„Kiedy Andrzej Duda latem 2015 r. wprowadził się do pałacu Prezydenckiego, 44-letni doktor prawa szybko zdobył przydomek, który przylega do niego do dzisiaj: notariusz" - pisze Florian Hassel w „Sueddeutsche Zeitung". Dodaje, że Andrzej Duda „jeszcze jesienią 2015 r. poparł kontrowersyjne, częściowo niekonstytucyjne inicjatywy rządu – i musiał wieczorem najwidoczniej na rozkaz jechać do prezesa PiS Jarosława Kaczyńskiego, właściwego władcy Polski i jego politycznego piastuna. Wielu więc widziało w Dudzie posłusznego wykonawcę poleceń na najwyższym stanowisku państwowym" – czytamy w „Sueddeutsche Zeitung".

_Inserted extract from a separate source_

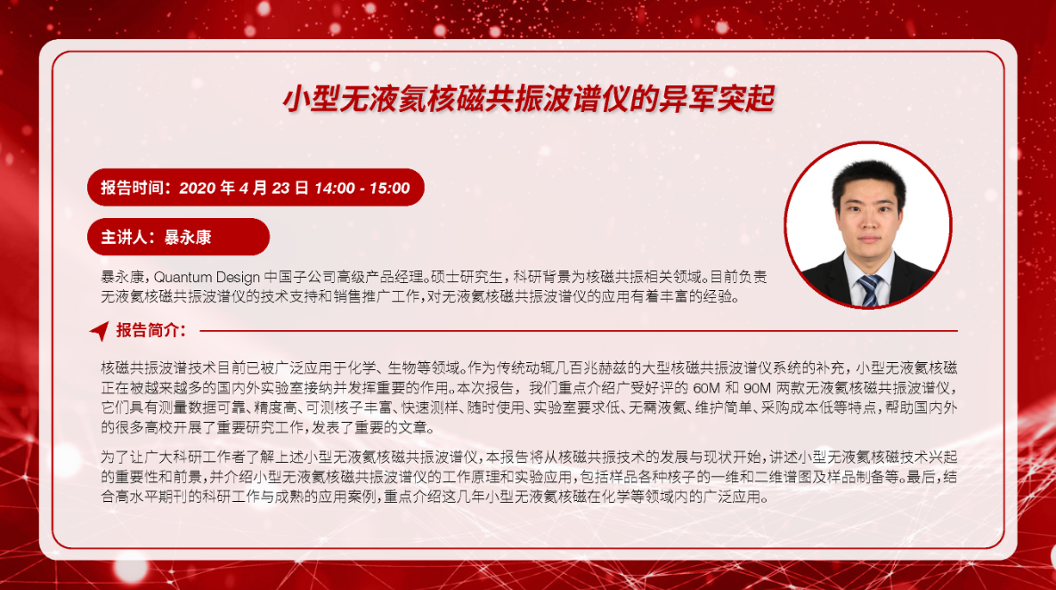 暴永康,Quantum Design中國子公司高級產品經理。碩士研究生,科研背景為核磁共振相關領域。目前負責無液氦核磁共振波譜儀的技術支持和銷售推廣工作,對無液氦核磁共振波譜儀的技術及應用積累了多年豐富經驗。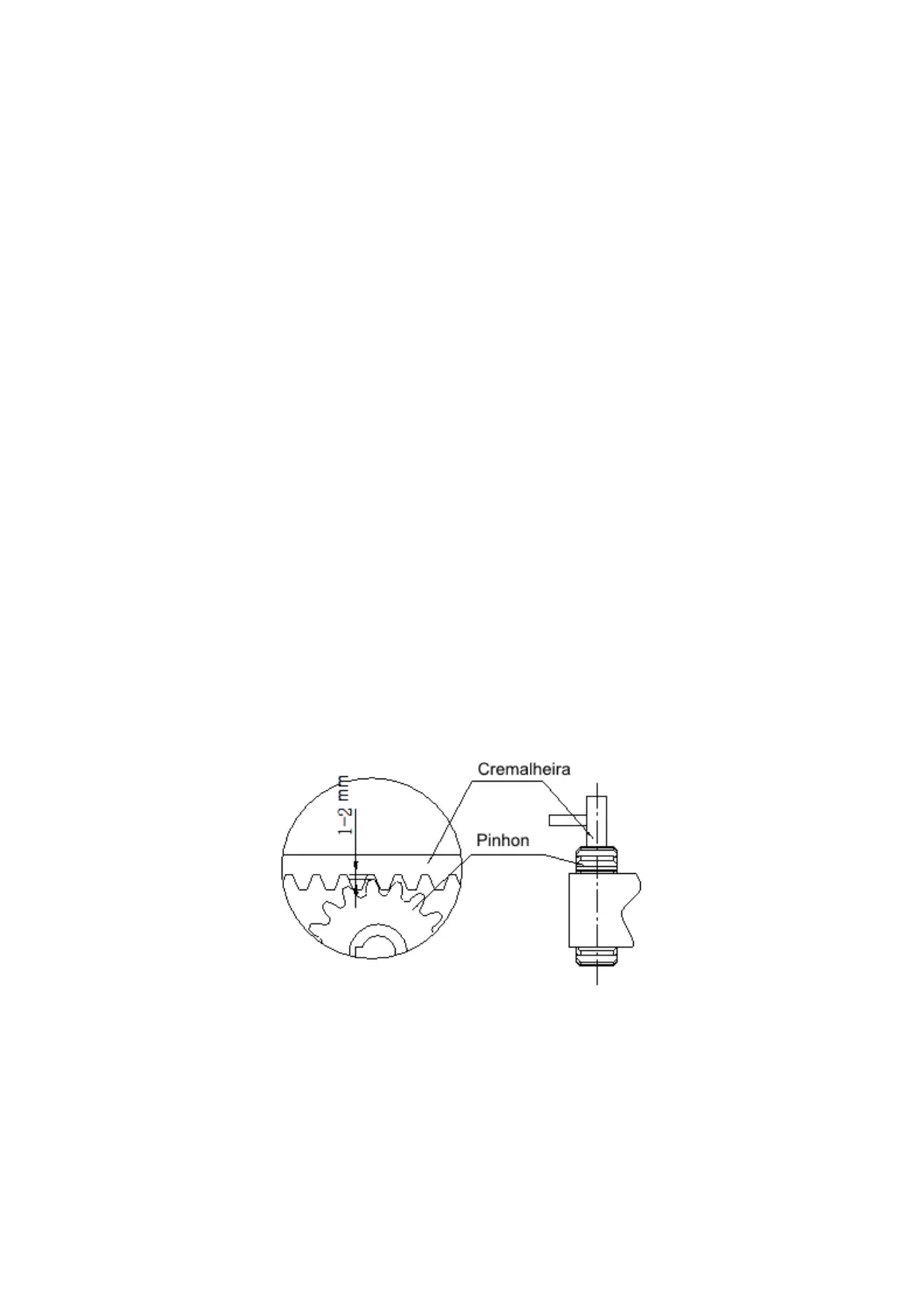 É importante que a cremalheira seja fixa com 1 ou 2 mm de

Dziennik informuje, że Andrzej Duda, ongiś wiceminister sprawiedliwości i sekretarz stanu w kancelarii prezydenta Lecha Kaczyńskiego, już na początku swojej kadencji „wzbudził oburzenie zaprzysięgając późną nocą trzech nieprawomocnie wybranych sędziów Trybunału Konstytucyjnego i uniemożliwiając podjęcie obowiązków legalnie wybranym sędziom". I od tego czasu „działa on według tego samego scenariusza: Duda wyraża wątpliwości co do szczegółów jakiejś kontrowersyjnej ustawy – i podpisuje ją mimo wszystko po drobnych poprawkach".
Florian Hassel uważa, że „także obecny spór o reformę sądownictwa nie jest wyjątkiem". Polski prezydent „występuje w telewizji rzekomo upominając i krytykując, a zaraz potem schodzą się u niego liderzy jego rodzimej partii i godzinę później życzenie prezydenta wprowadzenia poprawki zostaje spełnione i już nic więcej nie słychać o oporze Dudy". Jego opinia jako prezydenta „jest zrujnowana" wśród prawników, także krakowskiego promotora jego pracy doktorskiej.
„Wielu sądzi, że Duda któregoś dnia stanie przed polskim Trybunałem Stanu, kiedy skończy się absolutna kontrola jego partii nad instytucjami" – czytamy w SZ.
Gazeta pisze, że prezydent cieszy się natomiast sympatią zwolenników PiS, harcerzy i praktykujących katolików. A ponieważ obiecywał w kampanii wyborczej podwyżkę świadczeń na dzieci i obniżenie wieku emerytalnego, „stał się twarzą sukcesu PiS".